Posted By Conn Carroll On September 23, 2008 @ 6:45 pm In Economics | Comments Disabled

Anyone who tries to explain the Wall Street crisis in a single sound-bite is foolish…or worse. But House Democratic Leaders have found a culprit they can agree on: deregulation.

“This is the fruit of decades of ‘leave the market alone, don’t regulate it. It will take care of itself,” Says House Banking Committee Chairman Barney Frank. His solution? “Clearly we’ve got to get some regulation here.”

“The Bush Administration’s eight long years of failed deregulation policies” is the problem, declares House Speaker Nancy Pelosi.

“A stark failure of the economy and this administration’s laissez faire, take the referee off the field, let anyone do whatever they want to do and everything will be fine,” adds House Democratic Leader Steny Hoyer.

The problem with the Democrats’ “deregulation did it” meme is that it didn’t happen – deregulation that is.

The most significant financial regulatory action in the Bush Administration was Sarbanes-Oxley (Sarbox), a law significantly increasing regulation of the accounting and securities businesses. It spawned twenty – count-em – twenty new rulemakings at the Securities and Exchange Commission, and created a whole new regulatory organ, the Public Company Accounting Oversight Board (PCAOB).

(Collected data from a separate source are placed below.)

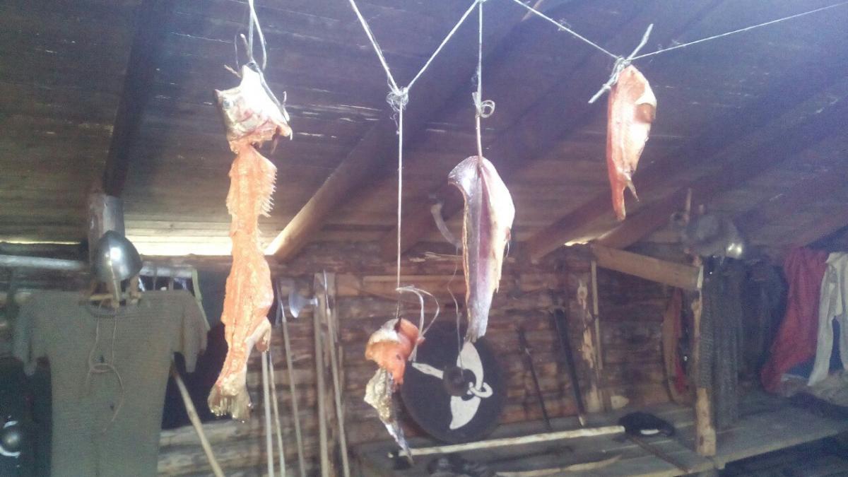 На острове, где мы жили - Бьоркагард, деревня викингов. В ней и жили. Условия полевые, только что крыша над головой и дымный очаг внутри.
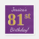 Este simples design de guardanapo de papel apresenta uma mensagem como "Aniversário de 81ruas de Jessica!", com a "81ruas" a ter uma aparência falsa de ouro, num fundo de cor púrpura. O nome pode ser personalizado. Pode ser usado em uma festa de aniversário para alguém que comemora seu oitenta aniversário. [~Z0000085]
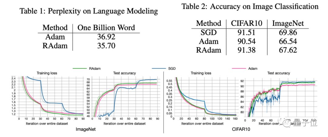 根据RAdam的特点,一旦方差稳定下来,在余下的训练阶段当中,RAdam基本等同于Adam和SGD。也就是说,RAdam的改进主要是在训练刚开始的时候。

If that is the “deregulation” House Leaders want to reverse, I’m with them. Describing what happened during the Bush Administration as “deregulation” just doesn’t square with the facts.

Bad choices by government have contributed to the current crisis, but calls to “get some regulation here,” neither illuminate those mistakes nor suggest what choices may be better.

PCAOB’s job is to prevent unexpected bankruptcies due to over-valued assets. Its chosen method was a welter a new accounting rules. Not only did the rules not work, some commentators have pointed to the PCAOB accounting rules as triggering the current crisis.

One result of Sarbox was for capital to flee to private equity funds, or to London, beyond reach of the new rules. This capital flight weakened American investment banks by shrinking their markets. And by the way, the three companies that have required rescue were all regulated by PCAOB. Less-regulated private equity funds seem to be doing just fine.

It is true that the 1999 repeal of the 1930s-era Glass-Steagal Act, requiring separation of commercial and investment banking, represented significant deregulation. But that repeal was signed by President Clinton, and implemented enthusiastically by his regulators. A good thing too, since that deregulation allowed Wall Street’s two remaining investment banks to avoid bailouts this week by transforming themselves into commercial banks.

So it seems some Bush-era regulation may have triggered the current crisis, and some Clinton-era deregulation provided an escape valve. Does this prove that more regulation is bad, and less is good? The wiser conclusion is that there seem to be good and bad ways to regulate.

Anyone who has paid attention over the last ten days has to conclude that financial regulation is a complex business. Treasury, the Fed, SEC, FDIC, and state insurance regulators all play a role. There are even international standards in play. Its an area not well suited to sound-bites.

It would be nice, once the immediate crisis is addressed, if Congress took a considered look at this regulatory contraption. Undoubtedly there are some parts that aren’t working well.